◆ **About this exercise**
When you reach the line that holds "Ingredients: Wheat Flour, Rice", start copying exactly and keep going through the final line of the data, leaving out pictures.
Start of Collected material
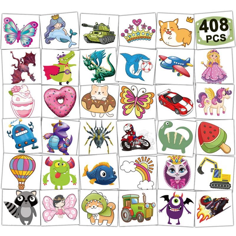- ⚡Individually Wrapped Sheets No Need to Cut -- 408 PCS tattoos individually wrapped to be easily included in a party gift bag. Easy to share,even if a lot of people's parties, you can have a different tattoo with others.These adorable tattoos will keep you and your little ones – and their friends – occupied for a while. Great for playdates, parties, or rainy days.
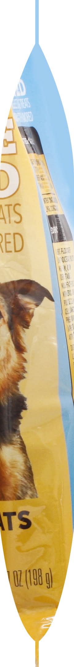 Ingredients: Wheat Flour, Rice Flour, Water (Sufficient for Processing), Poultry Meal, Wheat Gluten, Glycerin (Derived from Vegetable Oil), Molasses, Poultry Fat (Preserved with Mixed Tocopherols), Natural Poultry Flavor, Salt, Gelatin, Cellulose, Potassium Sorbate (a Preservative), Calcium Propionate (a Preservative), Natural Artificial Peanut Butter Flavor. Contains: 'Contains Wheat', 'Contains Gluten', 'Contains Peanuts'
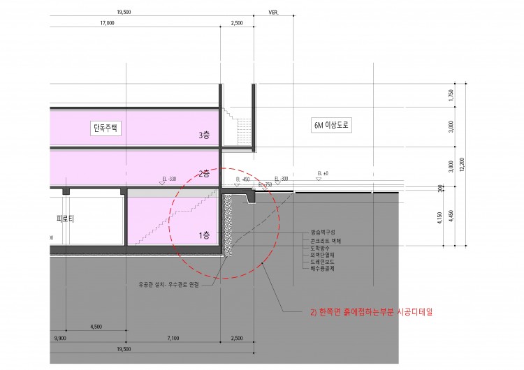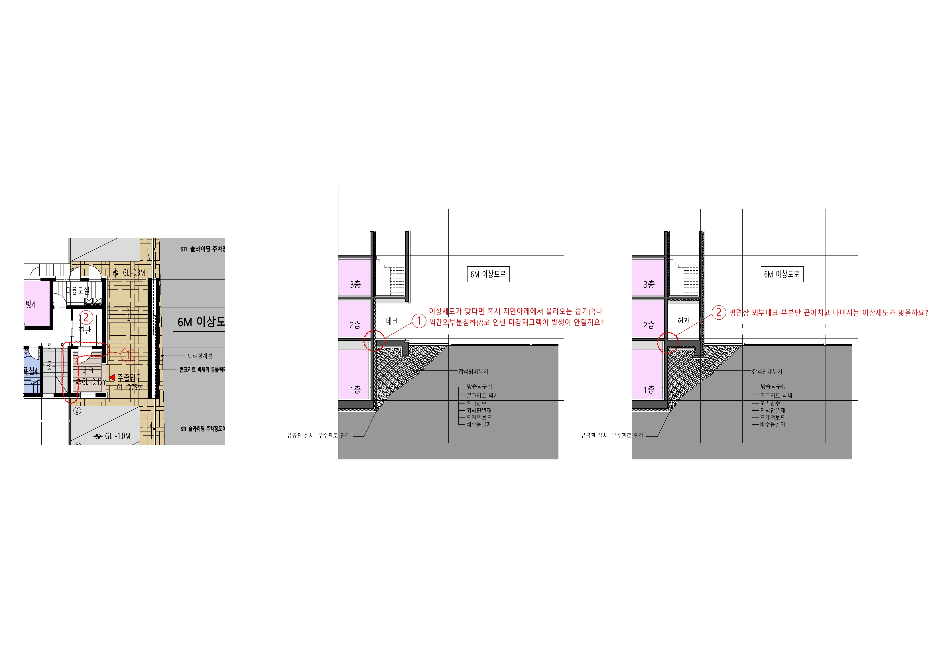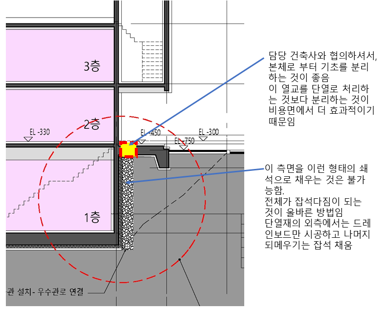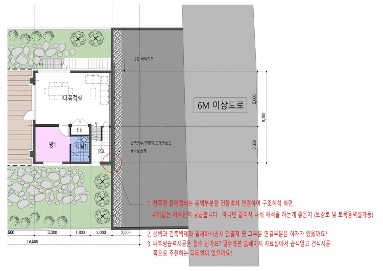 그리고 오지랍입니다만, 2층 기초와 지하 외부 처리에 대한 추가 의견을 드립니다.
End of Collected material
◆ **Solution**
 Ingredients: Wheat Flour, Rice Flour, Water (Sufficient for Processing), Poultry Meal, Wheat Gluten, Glycerin (Derived from Vegetable Oil), Molasses, Poultry Fat (Preserved with Mixed Tocopherols), Natural Poultry Flavor, Salt, Gelatin, Cellulose, Potassium Sorbate (a Preservative), Calcium Propionate (a Preservative), Natural Artificial Peanut Butter Flavor. Contains: 'Contains Wheat', 'Contains Gluten', 'Contains Peanuts'
 그리고 오지랍입니다만, 2층 기초와 지하 외부 처리에 대한 추가 의견을 드립니다.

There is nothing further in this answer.